Yo me limito a rock, punk, electrónica y algo de hip-hop, pare de contar, con esos tengo y me sobra. Tanto será mi gusto por esa música que me autoimpongo horarios para oírla dependiendo de mi estado de ánimo, económico y sentimental.

No puedo con las playlists, y menos con la reproducción aleatoria, casi que me provocan hiperventilación, descargo albums enteros y los oigo en ese orden. Los músicos pusieron las canciones en ese orden por alguna razón, están contando un concepto, una historia, es lo mismo que leer un libro, los que oyen aleatoriamente me imagino que les fascina Rayuela, de Cortázar.

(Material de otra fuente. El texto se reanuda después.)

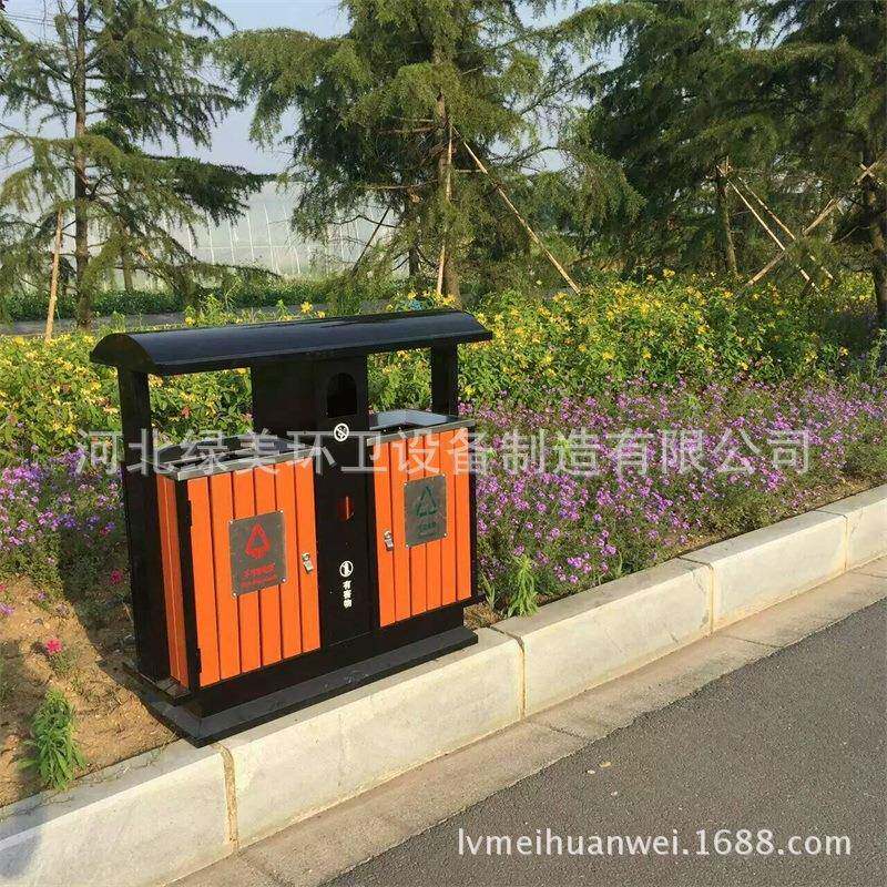 为您提供商品小区钢木垃圾桶双筒果皮箱环卫环保分类垃圾箱厂家的详细介绍,

En lo que sí soy muchísimo más relajado es para descubrir nuevas bandas, investigar, y el algoritmo de You Tube lo sabe. Es así que un día normal me botó un video de una banda llamada IDLES, de Bristol, Inglaterra, con su canción I’m scum (soy escoria):

“Duermo debajo de las sirenas de la poli, preguntándome en qué se me fue la vida”. Bum, amor a primera oída. “Cantaré contra los fascistas hasta que me corten la cabeza, soy de izquierda moderada”.

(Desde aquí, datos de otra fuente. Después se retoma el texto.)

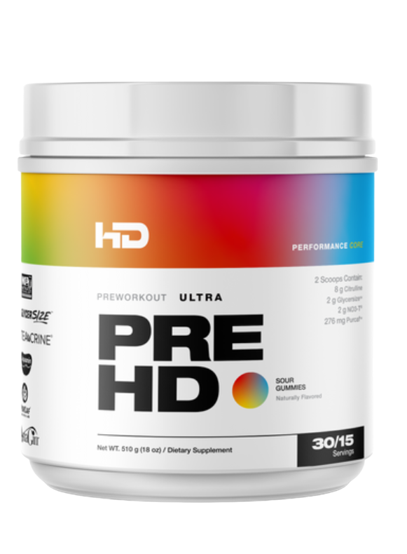 PreHD Ultra is a research backed, effectively dosed, fast acting ultra premium ergogenic aid truly worthy off the title “All in one pre-workout"—Hitting you literally in a matter of minutes, PreHD Ultra delivers a training experience like nothing else on the market today. The heavy dosed facts panel is a precise combination of patented and clinically researched ingredients that have been meticulously formulated together to deliver:

Desde los tremendos Rage Against the Machine no había oído algo así, esto era música con sustancia, honestidad política y parados en la raya. En cuanto a composición no es el clásico punk de tres acordes un coro antisistema y ya.

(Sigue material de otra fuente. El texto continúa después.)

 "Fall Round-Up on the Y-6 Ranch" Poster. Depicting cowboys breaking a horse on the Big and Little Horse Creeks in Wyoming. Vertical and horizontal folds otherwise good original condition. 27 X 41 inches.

Es un poco más complejo: la batería y el bajo suenan como el motor de un Mustang de 8 cilindros en V, y las guitarras estilo indie suenan como cuchillas, o como bombas cayendo esto se oye clarísimo en la canción War, que escuchada en audífonos transportan al oyente a un bombardeo con drones. ¿Influencias? Claro, Black Flag, y The Pixies, pero desde el primer álbum (Brutalism 2017) ya hay un sonido propio y eso amigos es bien difícil de encontrar.

Hablan del mundo actual y toman posiciones claras, son proinmigrantes (Danny Nedelko), anti-Brexit, progay y antihomofóbicos (Model Village), y tremendamente antiexplotación laboral en mother (“mi madre trabajó 15 horas 5 días a la semana, 16 horas al día 6 días a la semana… mother… fucker”) la depresión (Gotho 1049). “Mi amigo está muy deprimido, quisiera estar muerto, nadé dentro de su cabeza y esto me dijo”.

Han grabado cuatro discos y son hoy libra por libra una de las cinco mejores bandas de rock de la actualidad (el álbum ultramono es una joya). En entrevistas recalcan por sobre todo no ser punk ni esperanza del rock, no visten con cuero negro ni crestas, parecen salidos de las películas de Jackass, uno de los guitarristas usa vestido de ama de casa de 5 dólares. (ver imagen)

No son teloneros en festivales sino que encabezan carteles. Fueron en el Estereo Picnic los primeros en provocar el primer pogo pospandemia en Bogotá, la rompieron. Son una bandota y muy a su pesar la esperanza del rock.